Gotham Whale attributes the return of the whales to a spike in menhaden in the New York Harbor area over the past few years. The organization conducts educational outreach on the importance of the species and advocacy work to help ensure its numbers remain strong.

“I call menhaden the keystone species in this area,” Granton said. “It’s bird food. It’s fish food. It’s shark food. It’s whale food. If you liken them to a house of cards, you pull out the menhaden and you potentially look at a biodiversity collapse.”

Again, what changed? Why the sudden surge in menhaden? Gotham Whale points to a handful of possible factors. Among them are catch limits that allowed stocks to rebound and an overall improvement in the New York Harbor area’s water quality, driven by cleaner water entering from the Hudson River and other tributaries.

“What we’re seeing now is 40 years’ fruit of the Clean Air and Clean Water Act and the fact that we still have the Marine Mammal Protection Act being enforced,” Granton said.

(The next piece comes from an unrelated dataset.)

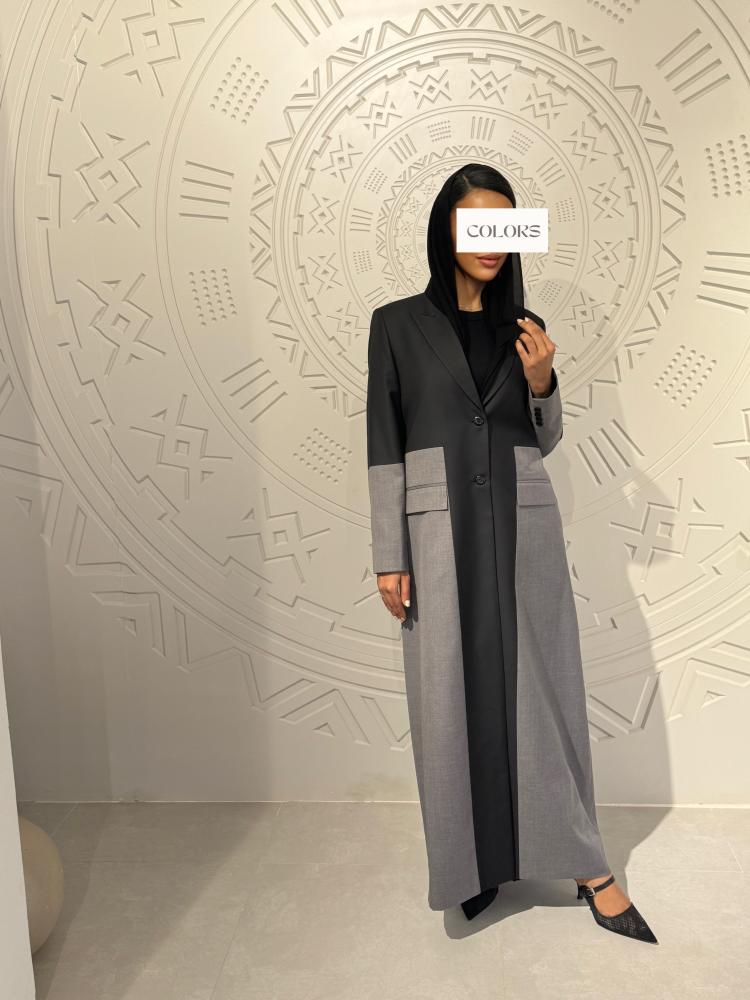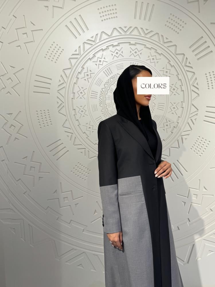 بليزر اسود كتان مع تداخلات باللون الرمادي الفاتح + طرحة اسودوجيوب مع بطانة بالكامل من الداخل واسفنج للاكتاف ✨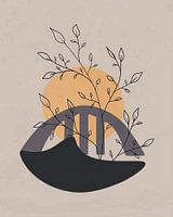 Minimalistisch landschap met een donkergrijze inkt lijntekening van een plant met kleine bladeren, die bij een meertje groeit. Achter het meertje is een grijze brug te tien met een donkergele avondzon. De achtergrond is lichtgrijs. De illustratie is met aquarelverf geschilderd met een zichtbare textuur.

Gotham Whale founder Paul Sieswerda has another theory that points to Aug. 27, 2011. Hurricane Irene has been overshadowed by 2012’s Superstorm Sandy in the collective conscious of New York and New Jersey coastal residents. While Irene didn’t carry Sandy’s legendary wind force and tidal surges, those living inland will remember it as a catastrophic rain event that overwhelmed watersheds like the Passaic and Raritan in New Jersey and the Hudson in New York.

At the time, Sieswerda’s fledgling organization was giving what were billed as “whale-dolphin-bird watching adventures, because it was an adventure if we’d see anything.” He recalled the scene during a cruise he led a few days after Irene.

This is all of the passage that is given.